_Exercise prompt_:
Beneath this line are entries. Copy the range from the line with "Lily Winters (played" to the line with "2月24日中午,太阳成集团t", ends included, exactly; leave pictures out.

_Data_:
------------------------
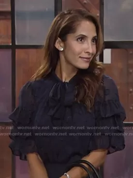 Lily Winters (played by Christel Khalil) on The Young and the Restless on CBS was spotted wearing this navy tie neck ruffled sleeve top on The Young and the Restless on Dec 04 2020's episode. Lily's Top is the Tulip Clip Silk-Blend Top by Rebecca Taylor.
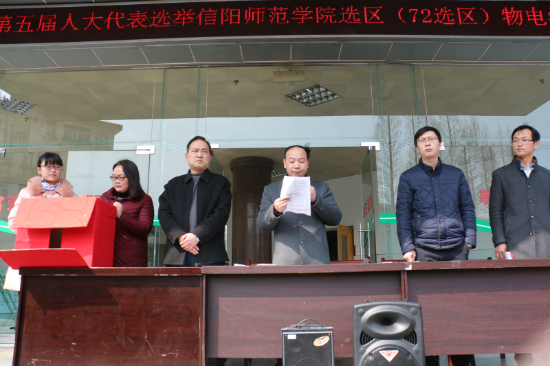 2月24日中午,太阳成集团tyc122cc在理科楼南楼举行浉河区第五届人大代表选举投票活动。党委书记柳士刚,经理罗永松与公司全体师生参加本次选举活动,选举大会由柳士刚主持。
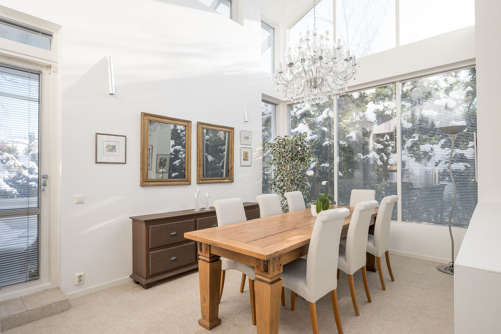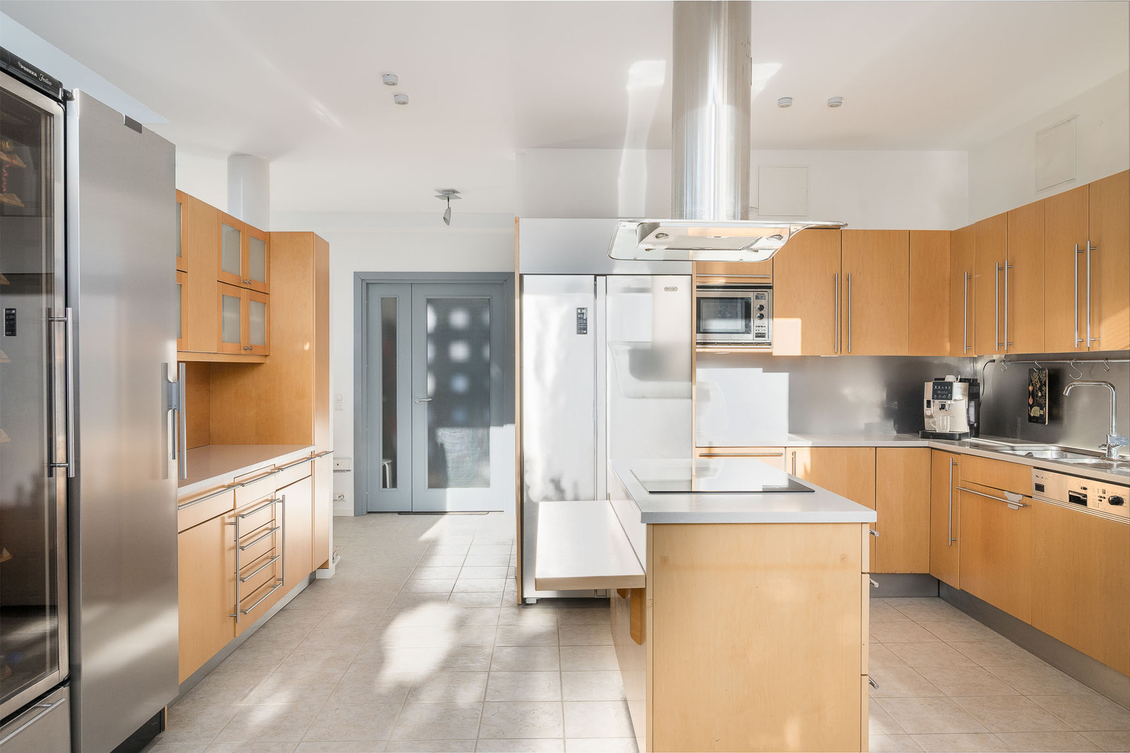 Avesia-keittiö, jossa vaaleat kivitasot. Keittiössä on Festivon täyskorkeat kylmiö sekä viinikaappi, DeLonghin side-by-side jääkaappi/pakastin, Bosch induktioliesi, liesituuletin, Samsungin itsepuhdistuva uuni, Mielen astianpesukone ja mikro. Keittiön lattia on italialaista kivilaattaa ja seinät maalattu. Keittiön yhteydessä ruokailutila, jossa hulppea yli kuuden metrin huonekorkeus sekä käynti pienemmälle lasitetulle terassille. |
------------------------
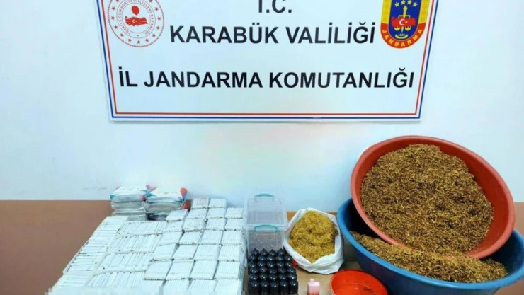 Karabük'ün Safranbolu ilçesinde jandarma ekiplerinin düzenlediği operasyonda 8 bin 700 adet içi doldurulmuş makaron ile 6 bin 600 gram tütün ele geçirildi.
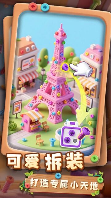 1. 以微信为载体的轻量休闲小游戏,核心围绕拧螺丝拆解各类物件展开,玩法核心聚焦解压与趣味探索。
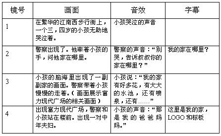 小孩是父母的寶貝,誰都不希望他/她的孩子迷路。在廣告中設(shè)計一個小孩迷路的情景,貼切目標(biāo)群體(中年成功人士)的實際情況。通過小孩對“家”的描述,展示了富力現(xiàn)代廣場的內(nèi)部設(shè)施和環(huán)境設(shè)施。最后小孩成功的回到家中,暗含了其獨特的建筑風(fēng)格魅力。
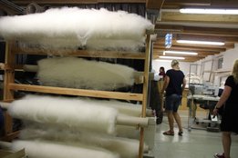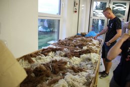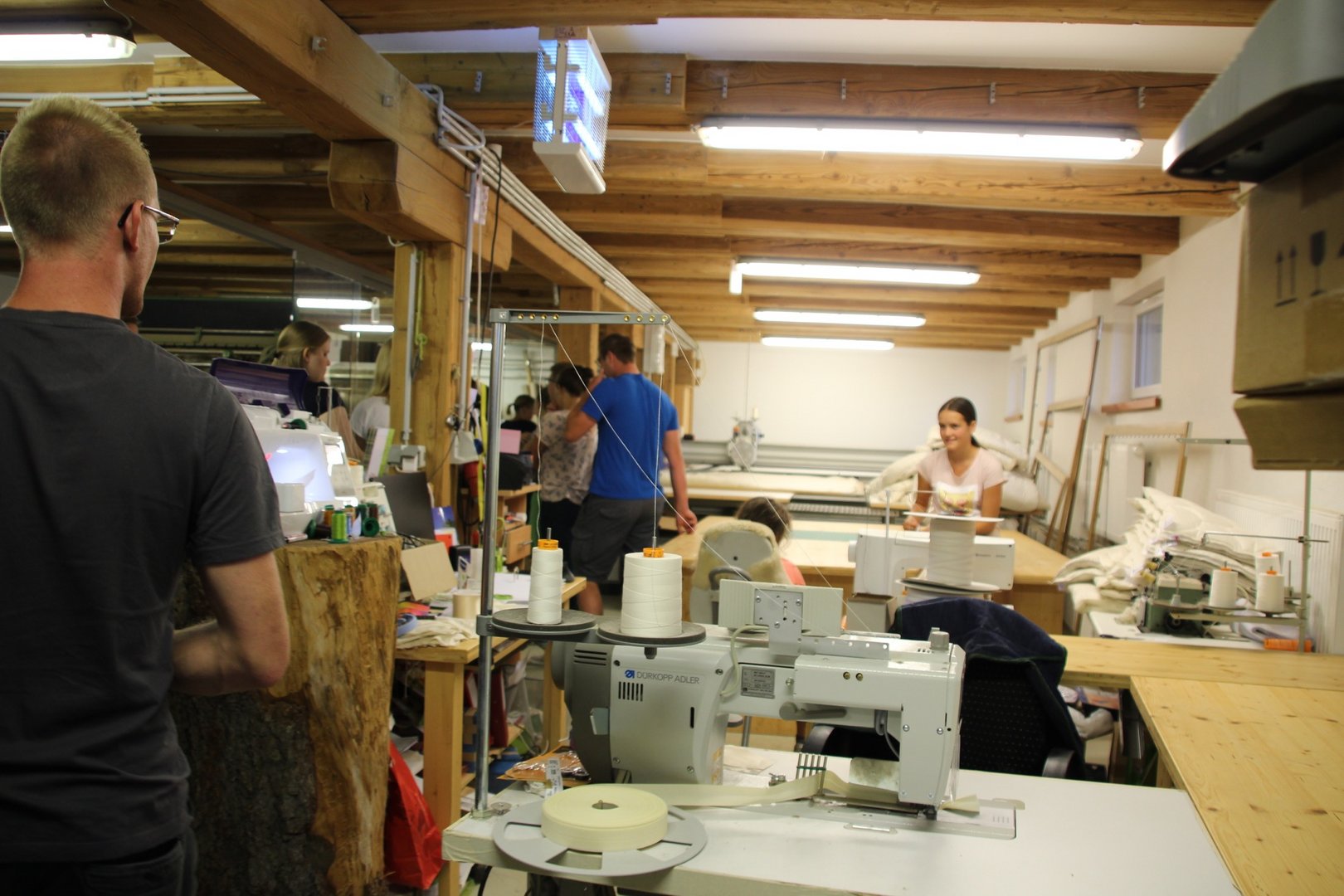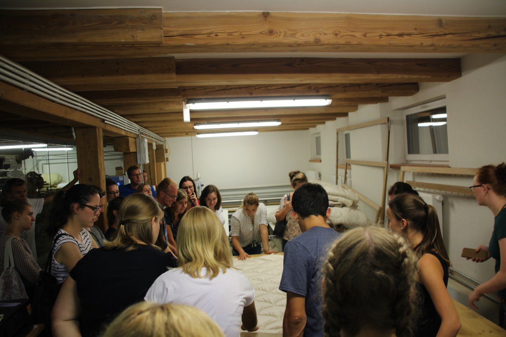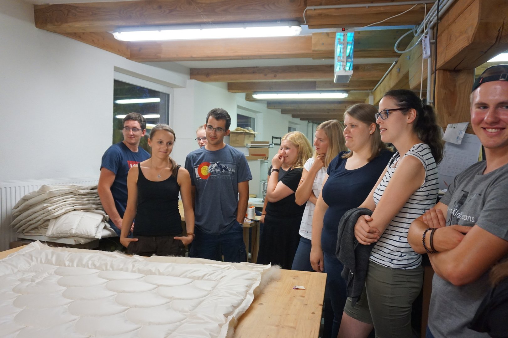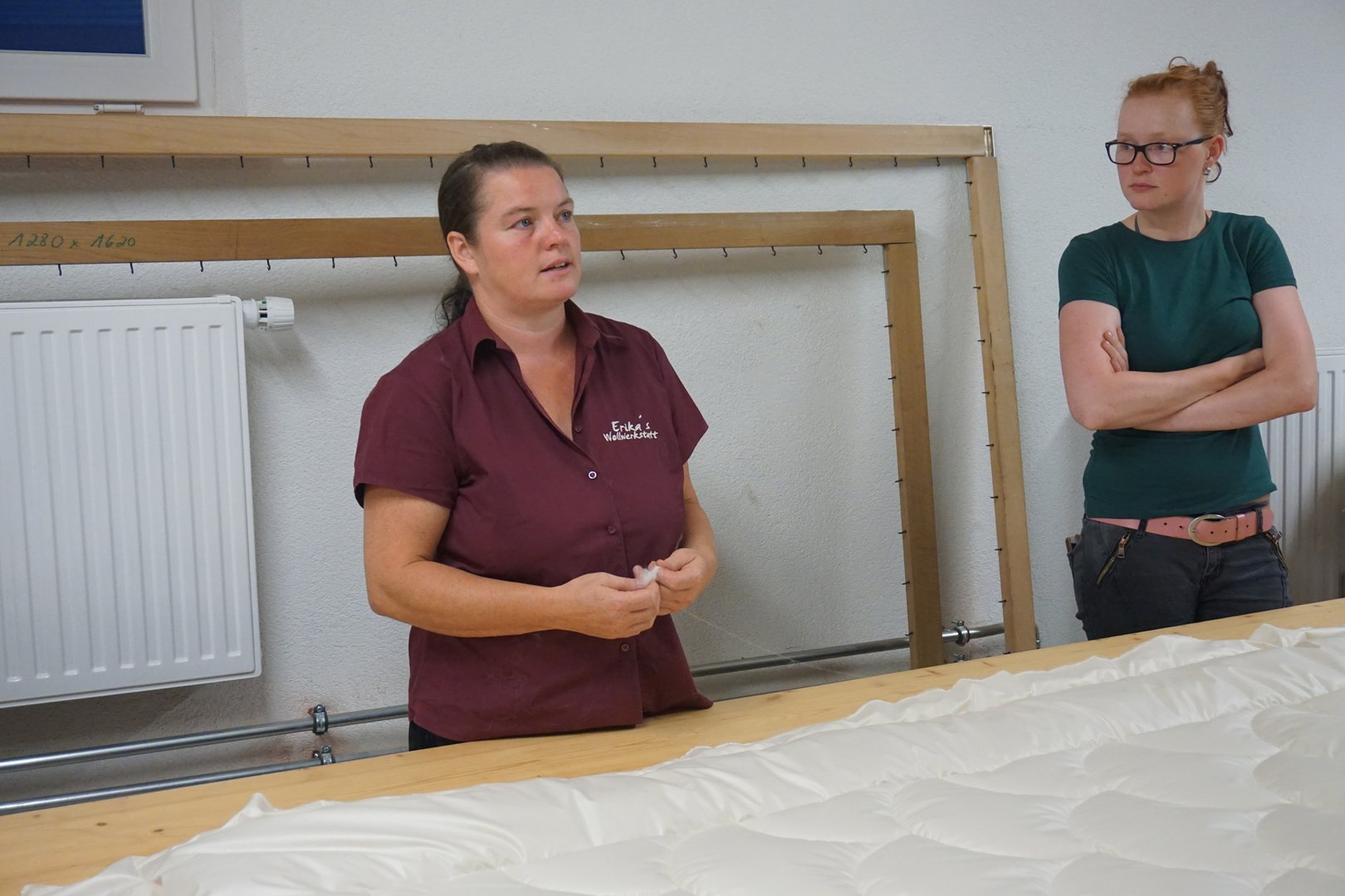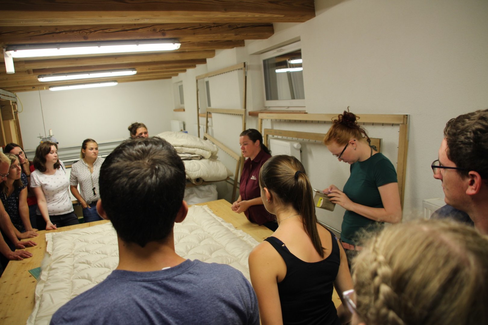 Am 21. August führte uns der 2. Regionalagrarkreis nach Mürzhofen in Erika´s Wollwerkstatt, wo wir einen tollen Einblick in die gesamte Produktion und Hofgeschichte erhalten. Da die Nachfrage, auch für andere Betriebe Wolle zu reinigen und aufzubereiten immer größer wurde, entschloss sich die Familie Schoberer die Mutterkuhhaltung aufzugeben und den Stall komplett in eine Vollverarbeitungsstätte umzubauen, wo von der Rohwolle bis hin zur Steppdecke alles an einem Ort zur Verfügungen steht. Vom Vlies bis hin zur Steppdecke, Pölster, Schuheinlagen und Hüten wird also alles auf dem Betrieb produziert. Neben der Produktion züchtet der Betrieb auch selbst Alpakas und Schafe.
------------------------
_Response area_:
 Lily Winters (played by Christel Khalil) on The Young and the Restless on CBS was spotted wearing this navy tie neck ruffled sleeve top on The Young and the Restless on Dec 04 2020's episode. Lily's Top is the Tulip Clip Silk-Blend Top by Rebecca Taylor.
 2月24日中午,太阳成集团tyc122cc在理科楼南楼举行浉河区第五届人大代表选举投票活动。党委书记柳士刚,经理罗永松与公司全体师生参加本次选举活动,选举大会由柳士刚主持。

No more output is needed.